From the data below, return only the lines from the one with "Şək. 1. Şəmkir" through the one with "Den segnede kæmpeeg.", exact and inclusive, with pictures left out.

### DATA SUPPLIED
• • • • • • •

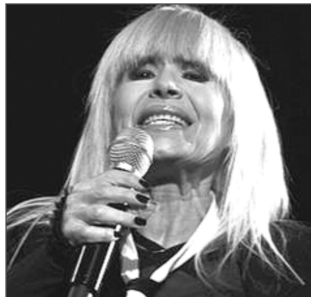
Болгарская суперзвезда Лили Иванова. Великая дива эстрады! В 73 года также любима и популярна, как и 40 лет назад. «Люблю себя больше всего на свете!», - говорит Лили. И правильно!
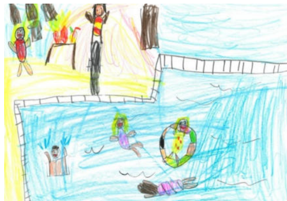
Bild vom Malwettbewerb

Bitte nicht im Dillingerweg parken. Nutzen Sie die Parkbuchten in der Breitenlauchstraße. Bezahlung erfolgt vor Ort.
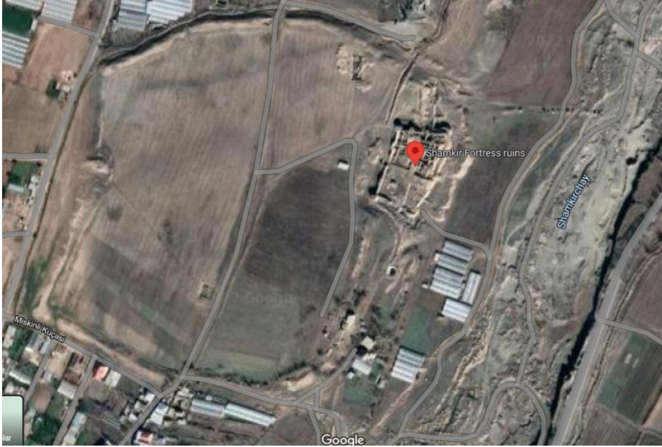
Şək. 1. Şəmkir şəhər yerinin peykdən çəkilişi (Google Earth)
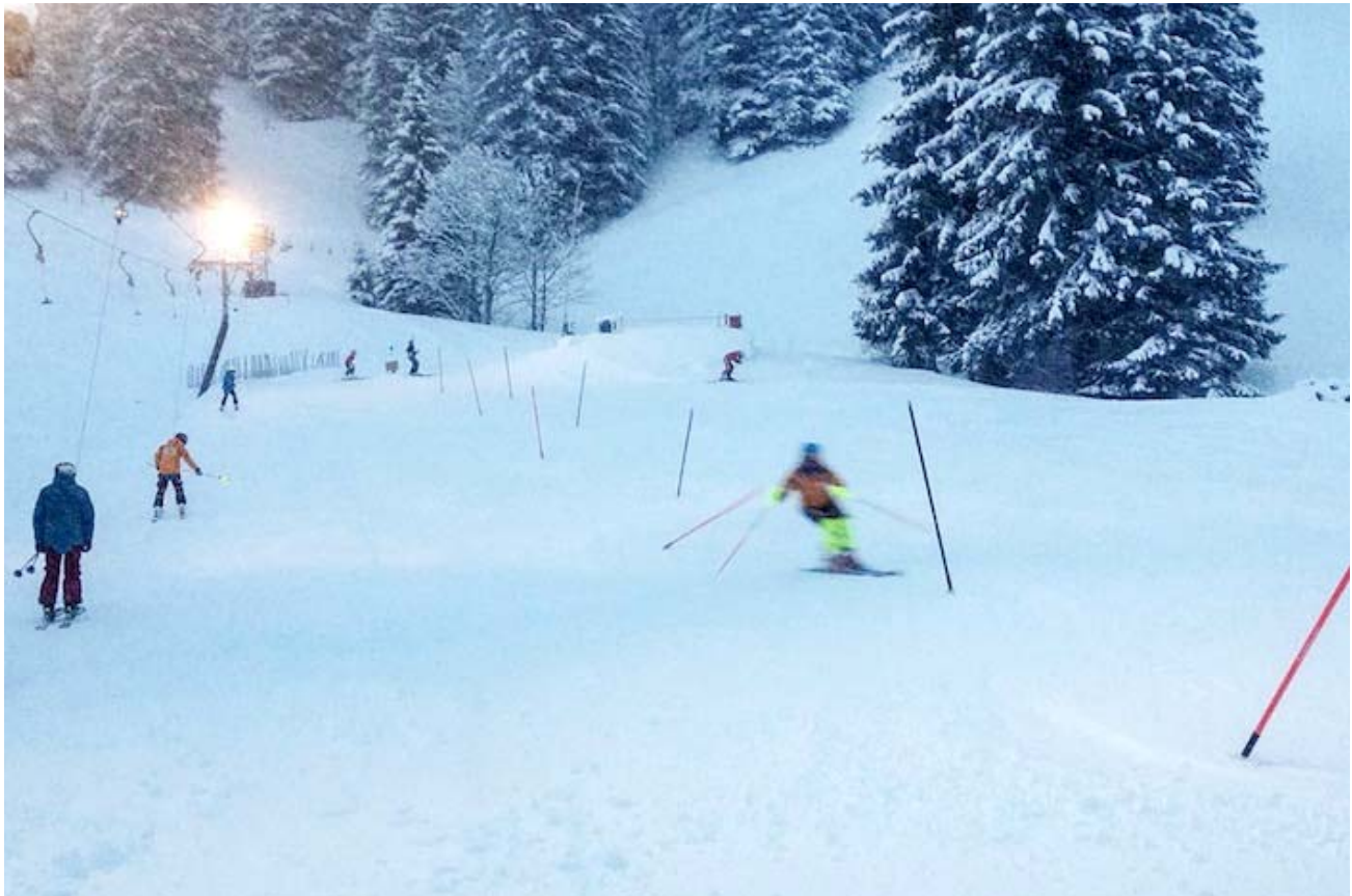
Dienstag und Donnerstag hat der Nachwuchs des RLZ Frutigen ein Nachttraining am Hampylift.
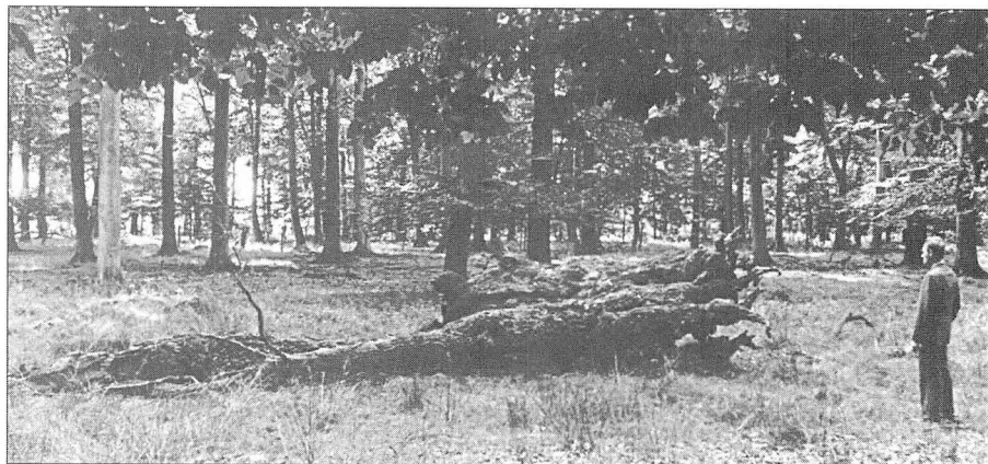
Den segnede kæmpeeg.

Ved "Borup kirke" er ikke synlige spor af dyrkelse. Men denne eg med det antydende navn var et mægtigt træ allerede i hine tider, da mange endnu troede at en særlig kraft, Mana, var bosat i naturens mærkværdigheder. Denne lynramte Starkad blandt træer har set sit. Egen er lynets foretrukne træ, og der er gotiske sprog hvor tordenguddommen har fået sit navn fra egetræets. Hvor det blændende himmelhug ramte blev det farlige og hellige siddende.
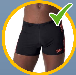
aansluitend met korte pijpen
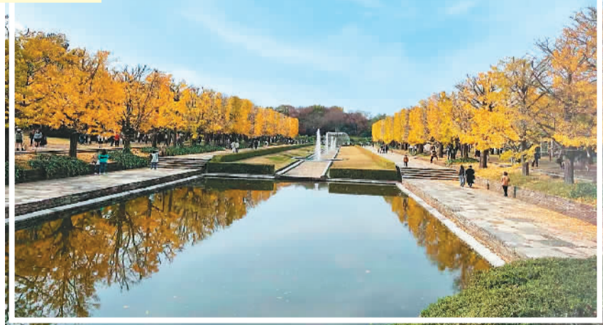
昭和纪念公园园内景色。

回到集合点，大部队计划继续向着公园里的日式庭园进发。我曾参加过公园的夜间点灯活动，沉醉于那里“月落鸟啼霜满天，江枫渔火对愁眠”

• • • • • • •

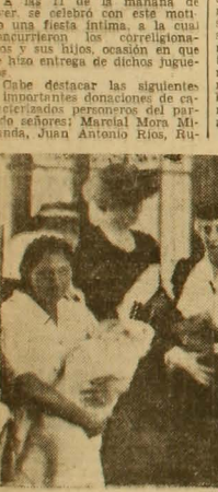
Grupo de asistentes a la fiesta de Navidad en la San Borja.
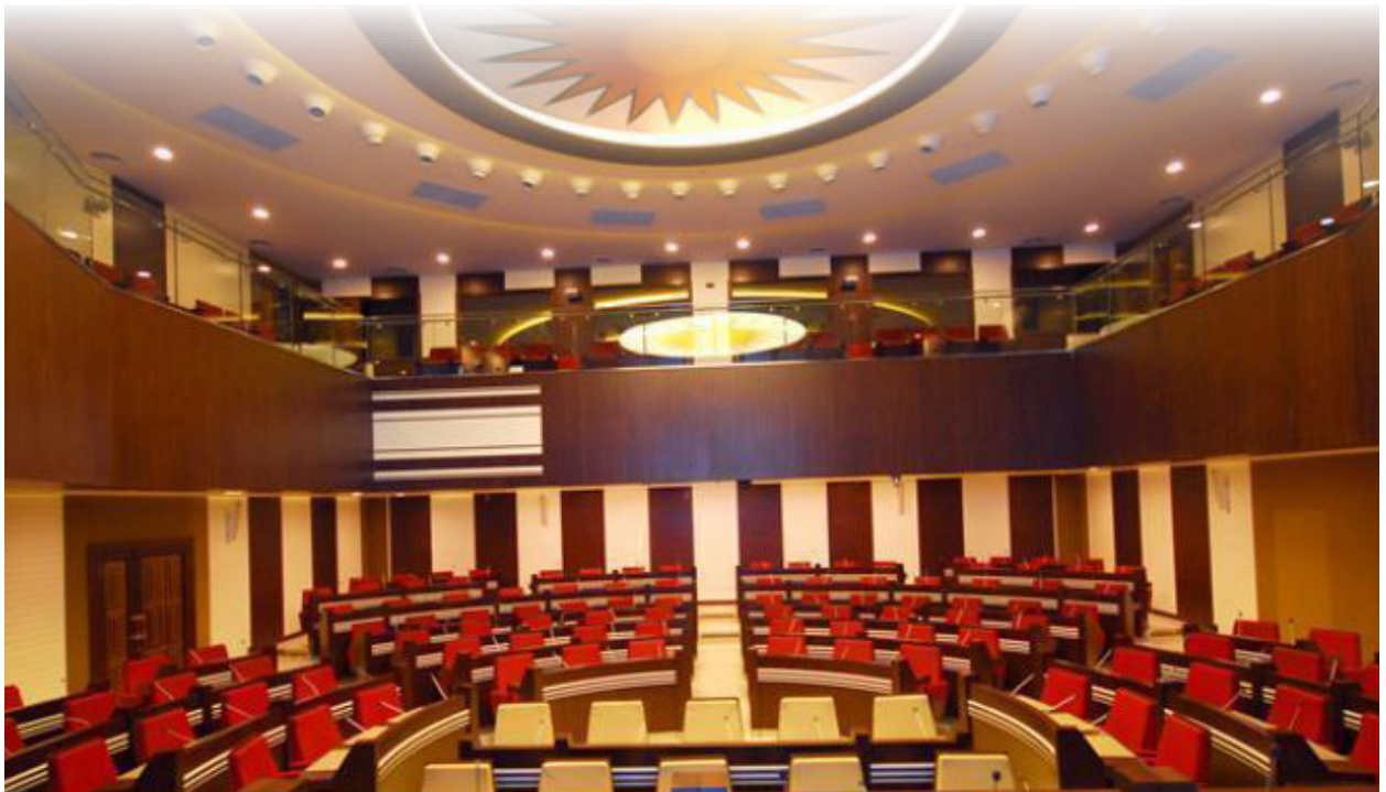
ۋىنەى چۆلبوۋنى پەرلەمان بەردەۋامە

• • • • • • •

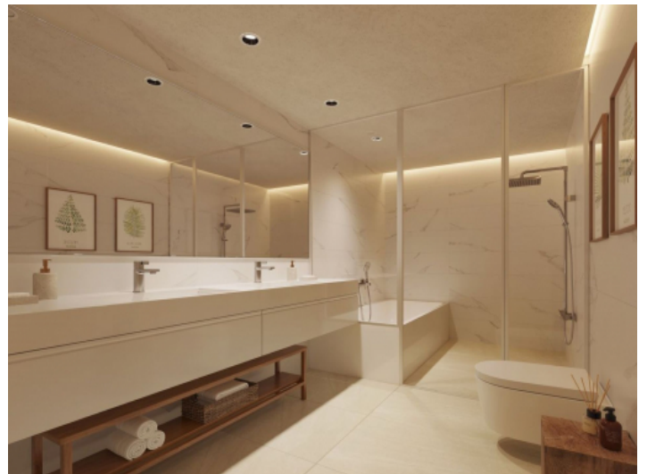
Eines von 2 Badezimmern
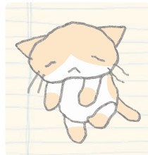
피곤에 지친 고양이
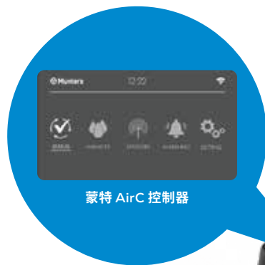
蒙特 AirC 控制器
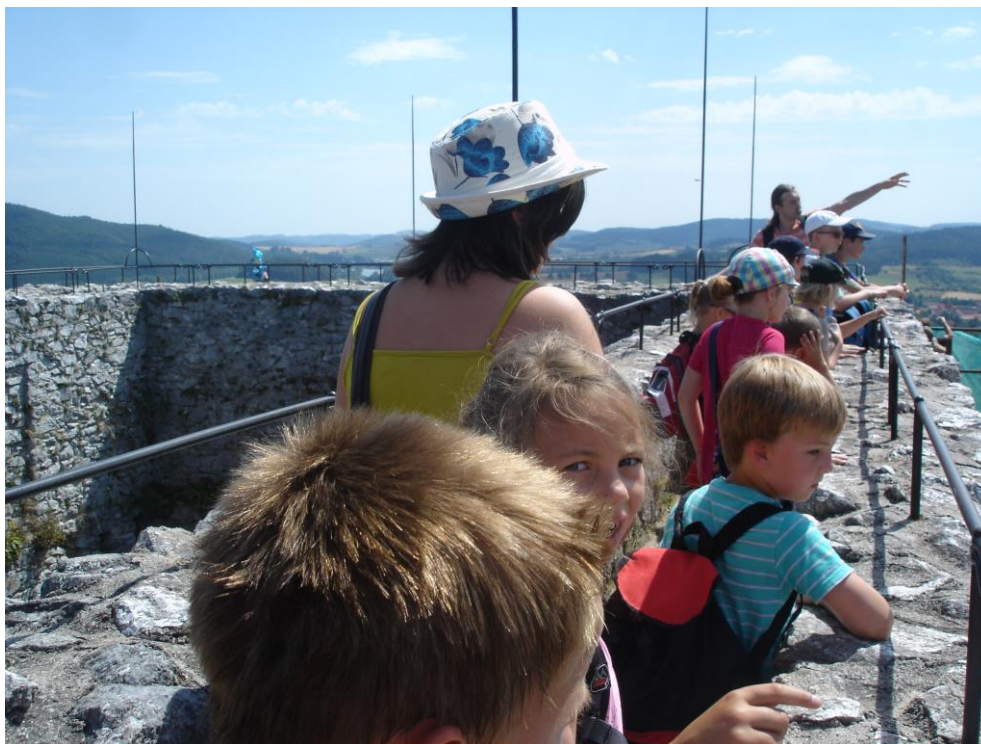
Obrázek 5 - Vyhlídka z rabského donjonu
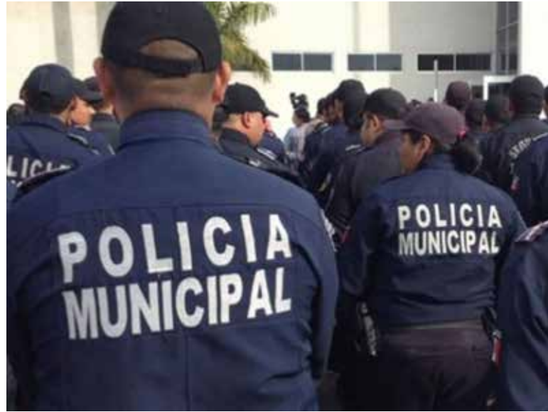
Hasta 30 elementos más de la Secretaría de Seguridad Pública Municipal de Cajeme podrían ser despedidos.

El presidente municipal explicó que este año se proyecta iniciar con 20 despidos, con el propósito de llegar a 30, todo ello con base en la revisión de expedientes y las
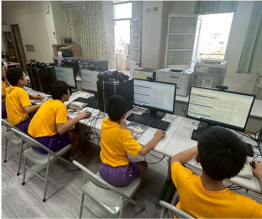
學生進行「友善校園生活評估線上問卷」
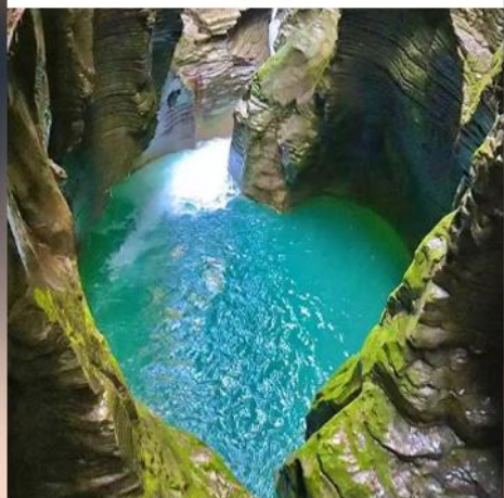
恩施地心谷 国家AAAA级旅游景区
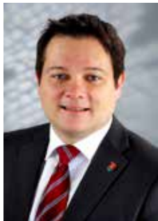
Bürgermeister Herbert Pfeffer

• • • • • • •

### ANSWER SECTION
Şək. 1. Şəmkir şəhər yerinin peykdən çəkilişi (Google Earth)
Dienstag und Donnerstag hat der Nachwuchs des RLZ Frutigen ein Nachttraining am Hampylift.
Den segnede kæmpeeg.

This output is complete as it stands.